Racism in Contemporary Cuba Explored in Mattress Factory Exhibition, Cocurated by Pitt's Alejandro de la Fuente
Following a successful run in Havana, Cuba, the exhibition Queloides/Keloids: Race and Racism in Cuban Contemporary Art is making its way to The Mattress Factory, 500 Sampsonia Way, North Side.
Queloides is cocurated by Alejandro de la Fuente, a University Center for International Studies research professor of history and Latin American Studies, and Cuban artist Elio Rodríguez Valdés. The exhibition will open Oct. 15 and continue through Feb. 27 at the North Side contemporary installation-art museum. Cosponsored by Pitt’s Center for Latin American Studies (CLAS) within the University Center for International Studies (UCIS), the exhibition addresses the debate about the persistence of racism in contemporary Cuba and throughout the world.
While taking steps to eliminate inequality, the Cuban revolution suppressed discussions of race, claiming that discrimination had been forever eliminated from the island. After decades of being considered taboo, discussions about race and racism occur more openly in contemporary Cuba. In the early 1990s, artists, scholars, and writers in Cuba began to do the unthinkable: denounce the persistence of racial discrimination in Cuban socialist society.
“Queloides is the answer of a group of Cuban visual artists and intellectuals to these changing realities,” says de la Fuente. Artists such as the ones showcased in Queloides, he continued, “have tried to articulate an answer to the deteriorating racial situation in Cuba. It is the protest of a generation that grew up in a mostly egalitarian society and that then witnessed how that society collapsed in front of their eyes.
“Since its conception, the exhibition has been a product of collaboration between Cuban artists and intellectuals and American institutions, such as Pitt’s CLAS and the Mattress Factory museum,” adds de la Fuente. “We wanted to bring the exhibit to Pittsburgh because race and racism are not issues unique to Cuba. We hope people here will learn more about Cuba, but we also hope that Cuban artists get a chance to learn more about American society and culture.”
The exhibition displays the work of cocurator Valdés, whose work explores race, gender, nationalism, and globalization, in addition to 11 other artists renowned for their critical work on issues of race, discrimination, and identity.

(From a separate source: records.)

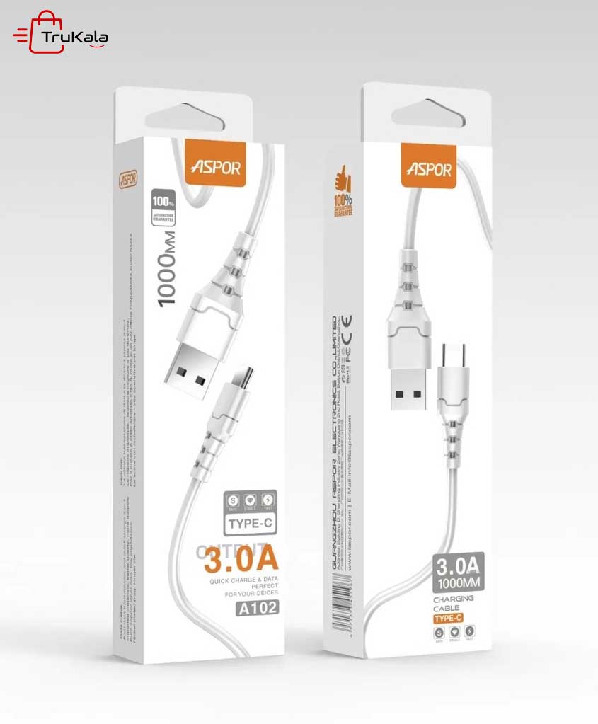 کابل شارژر آسپور تایپ سی مدل A102 محصولی از شرکت Aspor است. که یکی از شرکت های نوپا در زمینه ی تولید لوازم جانبی گوشی می باشد. این کابل هم برای شارژ و هم برای انتقال داده نیز است. این کابل دارای طول 1 متر است که دارای جنس با کیفیت سیم و بدنه است. این نوع از جنس سیم ماندگاری آن را بیشتر می کند. این کابل برای شارژ دستگاه های دارای درگاه type C طراحی شده است. کابل شارژر آسپور مدل A102 با توان خروجی حداکثر 3 آمپری و ورودی 5 ولتی می تواند دستگاه شما را بدون هیچ مشکلی شارژ کند و در انتقال داده سرعت زیادی داشته باشد.
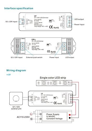 0/1-10V 1CH 8A Dimmable Switches Led Driver 1 Channel 0-10V Constant Voltage LED Dimmer Led Dimming Controller PWM Led Dimmer 5-36V
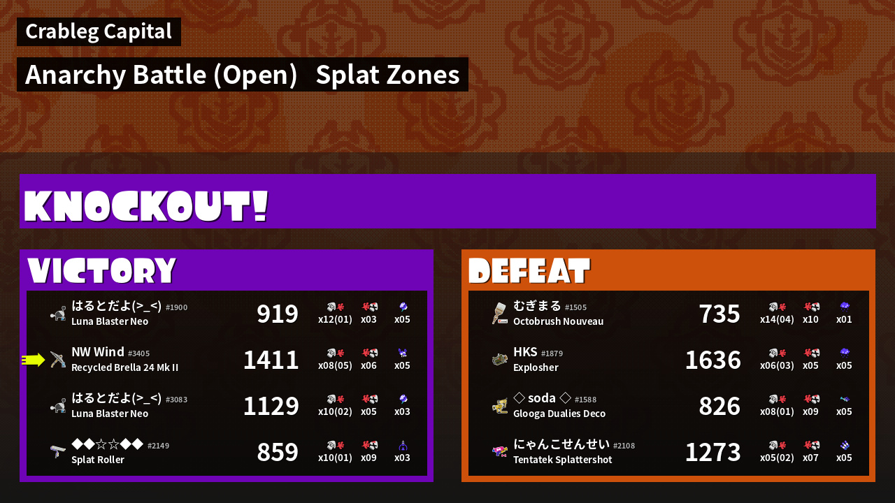 | Mode | Splat Zones - Anarchy Battle (Open) | ||

The Queloides promotional materials help explain the meaning behind the exhibition’s name: “Keloids are wound-induced, pathological scars. Although any wound may result in keloids, many people in Cuba believe that the black skin is particularly susceptible to them. Thus the title evokes the persistence of racial stereotypes, on the one hand, and the traumatic process of dealing with racism, discrimination, and centuries of cultural conflict, on the other hand. Queloides/Keloids includes several art forms—paintings, photographs, installations, sculptures, videos—and offers novel ways to ridicule and to dismantle the so-called racial differences.”
Funders for the exhibition include the Christopher Reynolds Foundation, Inc., the Ford Foundation, the Lambent Foundation, the National Endowment for the Arts, the Pennsylvania Humanities Council, The Pittsburgh Foundation, and Pitt’s Central Research Development Fund, CLAS, UCIS, Humanities Center, World History Center, and the Dean of the School of Arts and Sciences.
On Oct. 14, Pitt will host a roundtable discussion with several of the artists featured in the exhibition. The artists will discuss their participation in Queloides as well as issues of race and culture in contemporary Cuba. The free public discussion will be held from noon to 2 p.m. in 4130 Posvar Hall.